_DATASET RECORDS_.
* * *

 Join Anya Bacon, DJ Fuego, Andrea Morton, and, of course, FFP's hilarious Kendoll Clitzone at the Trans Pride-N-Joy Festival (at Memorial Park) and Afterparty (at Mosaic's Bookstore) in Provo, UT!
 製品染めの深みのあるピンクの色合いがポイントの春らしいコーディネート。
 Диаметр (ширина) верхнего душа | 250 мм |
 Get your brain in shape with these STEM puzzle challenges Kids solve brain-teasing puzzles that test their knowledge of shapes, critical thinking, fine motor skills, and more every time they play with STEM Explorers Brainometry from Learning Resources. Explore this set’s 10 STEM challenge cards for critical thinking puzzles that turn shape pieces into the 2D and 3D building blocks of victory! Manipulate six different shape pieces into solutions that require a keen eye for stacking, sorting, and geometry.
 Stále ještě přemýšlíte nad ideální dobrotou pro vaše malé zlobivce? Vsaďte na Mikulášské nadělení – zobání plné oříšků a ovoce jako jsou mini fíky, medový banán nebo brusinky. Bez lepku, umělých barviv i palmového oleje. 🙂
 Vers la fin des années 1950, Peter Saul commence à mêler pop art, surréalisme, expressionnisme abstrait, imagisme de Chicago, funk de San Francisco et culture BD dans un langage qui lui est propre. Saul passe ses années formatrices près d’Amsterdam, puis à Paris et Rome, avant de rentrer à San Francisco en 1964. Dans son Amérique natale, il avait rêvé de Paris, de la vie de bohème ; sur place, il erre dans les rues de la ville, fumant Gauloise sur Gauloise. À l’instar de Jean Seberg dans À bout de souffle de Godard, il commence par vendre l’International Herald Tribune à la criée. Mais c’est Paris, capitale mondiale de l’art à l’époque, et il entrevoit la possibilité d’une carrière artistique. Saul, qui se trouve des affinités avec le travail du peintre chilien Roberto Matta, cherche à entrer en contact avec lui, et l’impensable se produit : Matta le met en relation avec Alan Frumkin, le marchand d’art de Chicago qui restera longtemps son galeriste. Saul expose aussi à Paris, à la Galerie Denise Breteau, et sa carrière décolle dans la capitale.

* * *

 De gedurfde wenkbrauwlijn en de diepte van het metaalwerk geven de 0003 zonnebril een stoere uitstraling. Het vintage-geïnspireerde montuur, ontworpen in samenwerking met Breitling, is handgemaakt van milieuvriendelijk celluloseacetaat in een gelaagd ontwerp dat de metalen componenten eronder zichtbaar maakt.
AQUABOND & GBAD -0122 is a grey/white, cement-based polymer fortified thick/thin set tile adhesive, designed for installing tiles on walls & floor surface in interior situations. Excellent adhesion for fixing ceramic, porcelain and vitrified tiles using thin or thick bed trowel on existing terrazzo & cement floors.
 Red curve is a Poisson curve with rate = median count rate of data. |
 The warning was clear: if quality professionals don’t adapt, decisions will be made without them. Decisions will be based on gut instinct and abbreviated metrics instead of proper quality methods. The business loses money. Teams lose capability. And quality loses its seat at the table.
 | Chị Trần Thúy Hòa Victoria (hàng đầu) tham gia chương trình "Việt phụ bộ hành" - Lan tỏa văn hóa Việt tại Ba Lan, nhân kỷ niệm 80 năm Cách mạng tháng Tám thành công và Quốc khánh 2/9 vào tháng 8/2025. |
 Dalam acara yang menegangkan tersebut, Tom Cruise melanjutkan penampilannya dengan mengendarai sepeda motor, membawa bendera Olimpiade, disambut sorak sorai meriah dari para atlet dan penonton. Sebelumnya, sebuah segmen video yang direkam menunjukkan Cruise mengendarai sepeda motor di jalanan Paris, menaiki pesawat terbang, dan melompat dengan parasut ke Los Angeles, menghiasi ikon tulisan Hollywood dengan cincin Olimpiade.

* * *

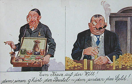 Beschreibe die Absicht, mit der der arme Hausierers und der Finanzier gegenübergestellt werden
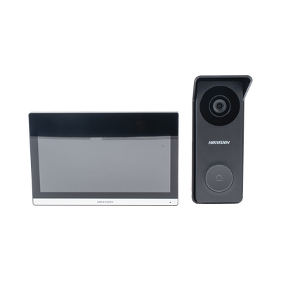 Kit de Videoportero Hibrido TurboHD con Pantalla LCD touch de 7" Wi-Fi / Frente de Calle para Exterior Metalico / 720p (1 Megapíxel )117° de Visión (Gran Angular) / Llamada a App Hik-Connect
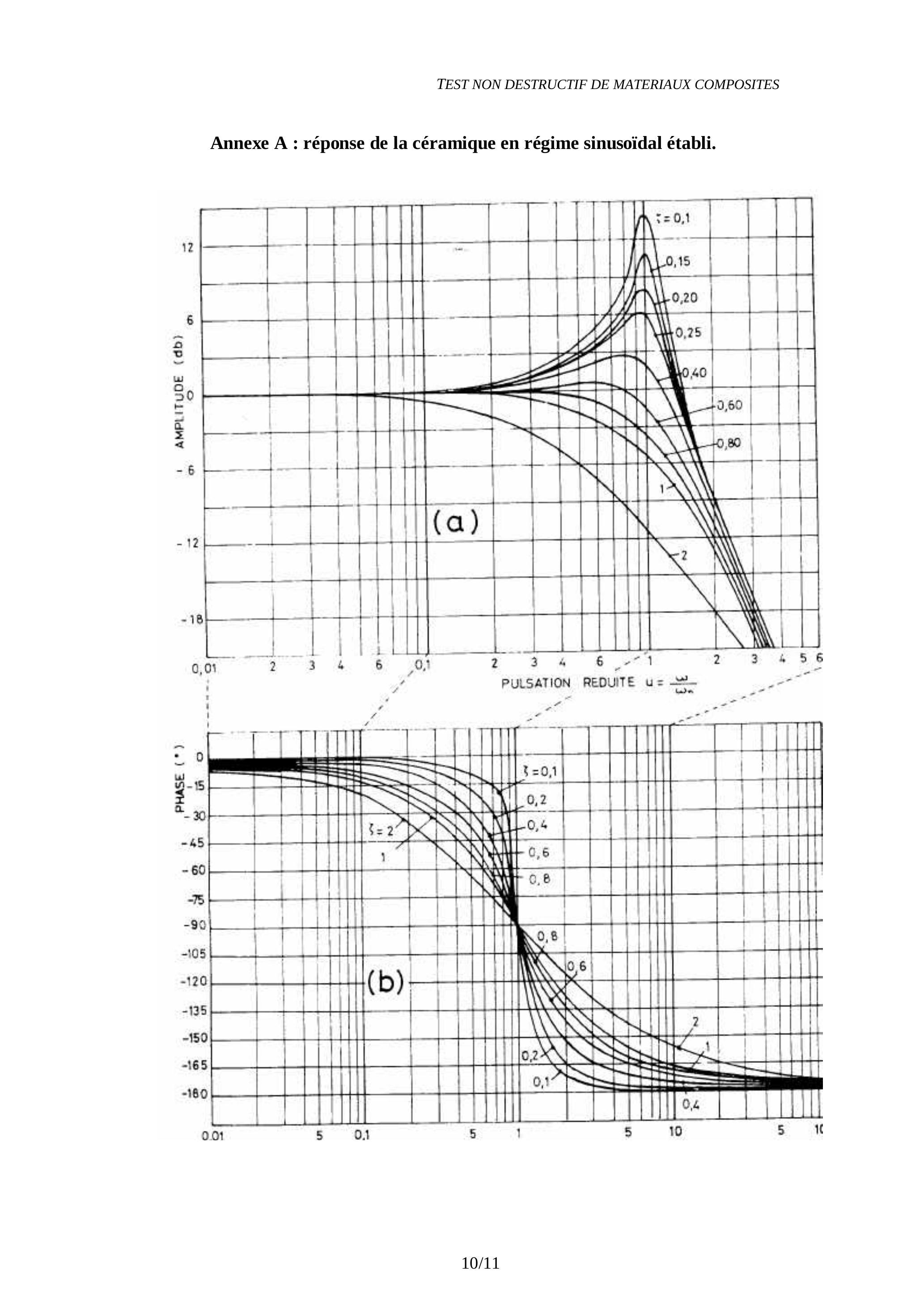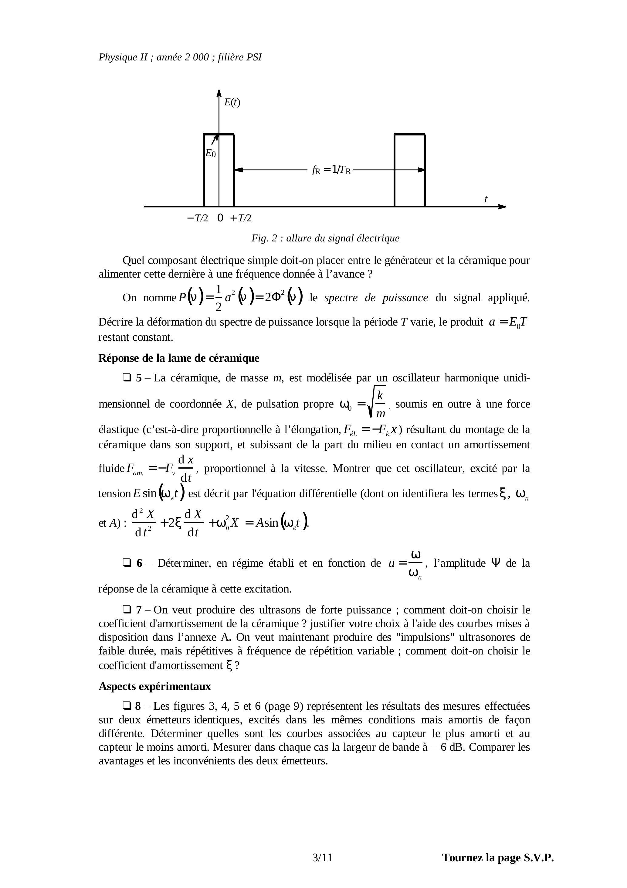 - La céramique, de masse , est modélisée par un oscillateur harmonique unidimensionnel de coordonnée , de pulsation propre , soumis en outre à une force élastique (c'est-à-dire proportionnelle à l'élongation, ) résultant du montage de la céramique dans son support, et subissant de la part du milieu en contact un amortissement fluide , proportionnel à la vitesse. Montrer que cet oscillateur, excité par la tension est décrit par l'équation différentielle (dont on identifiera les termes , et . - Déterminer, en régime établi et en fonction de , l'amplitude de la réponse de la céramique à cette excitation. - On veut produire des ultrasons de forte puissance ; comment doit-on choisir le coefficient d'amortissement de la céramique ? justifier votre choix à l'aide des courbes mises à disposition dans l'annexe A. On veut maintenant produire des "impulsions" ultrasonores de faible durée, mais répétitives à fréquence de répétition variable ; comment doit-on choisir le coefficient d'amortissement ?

* * *

_WHAT THE TASK REQUIRES_. Within the listing above, locate the line containing "Stále ještě přemýšlíte" and the line containing "Vers la fin". Reproduce those two lines and all lines between them exactly, with nothing added.

_ANSWER BOX_.
 Stále ještě přemýšlíte nad ideální dobrotou pro vaše malé zlobivce? Vsaďte na Mikulášské nadělení – zobání plné oříšků a ovoce jako jsou mini fíky, medový banán nebo brusinky. Bez lepku, umělých barviv i palmového oleje. 🙂
 Vers la fin des années 1950, Peter Saul commence à mêler pop art, surréalisme, expressionnisme abstrait, imagisme de Chicago, funk de San Francisco et culture BD dans un langage qui lui est propre. Saul passe ses années formatrices près d’Amsterdam, puis à Paris et Rome, avant de rentrer à San Francisco en 1964. Dans son Amérique natale, il avait rêvé de Paris, de la vie de bohème ; sur place, il erre dans les rues de la ville, fumant Gauloise sur Gauloise. À l’instar de Jean Seberg dans À bout de souffle de Godard, il commence par vendre l’International Herald Tribune à la criée. Mais c’est Paris, capitale mondiale de l’art à l’époque, et il entrevoit la possibilité d’une carrière artistique. Saul, qui se trouve des affinités avec le travail du peintre chilien Roberto Matta, cherche à entrer en contact avec lui, et l’impensable se produit : Matta le met en relation avec Alan Frumkin, le marchand d’art de Chicago qui restera longtemps son galeriste. Saul expose aussi à Paris, à la Galerie Denise Breteau, et sa carrière décolle dans la capitale.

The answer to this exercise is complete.